> [RECORDED DATA]
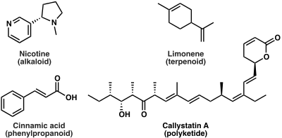 Les classes structurales générales des métabolites secondaires comprennent les alcaloïdes, les phénylpropanoïdes, les polycétides et les terpénoïdes[10], qui sont décrits plus en détail dans la section sur la biosynthèse ci-dessous.
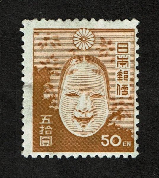 P342■【糊落ち】1946年 第2次新昭和切手 能面 50円■未使用・良好
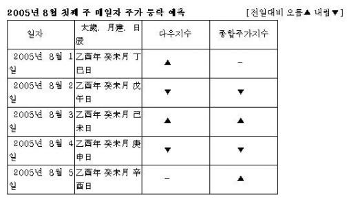 한편 월요일의 정사(丁巳)일과 금요일의 신유(辛酉)일도 각각 전일대비 주가가 하락하였지만 월일(月日)의 간지(干支)과 일치하는 사례가 하루에 불과하므로 등락을 장담하기는 어려운 상황이다. 다만 최근의 거침없는 주가 상승세에 제동을 거는 한 주 상황이 펼쳐질 것으로 전망된다.

> [TRY IT]
Please transcribe the material above exactly as written. Leave the pictures out.

> [ANSWER SPACE]
 Les classes structurales générales des métabolites secondaires comprennent les alcaloïdes, les phénylpropanoïdes, les polycétides et les terpénoïdes[10], qui sont décrits plus en détail dans la section sur la biosynthèse ci-dessous.
 P342■【糊落ち】1946年 第2次新昭和切手 能面 50円■未使用・良好
 한편 월요일의 정사(丁巳)일과 금요일의 신유(辛酉)일도 각각 전일대비 주가가 하락하였지만 월일(月日)의 간지(干支)과 일치하는 사례가 하루에 불과하므로 등락을 장담하기는 어려운 상황이다. 다만 최근의 거침없는 주가 상승세에 제동을 거는 한 주 상황이 펼쳐질 것으로 전망된다.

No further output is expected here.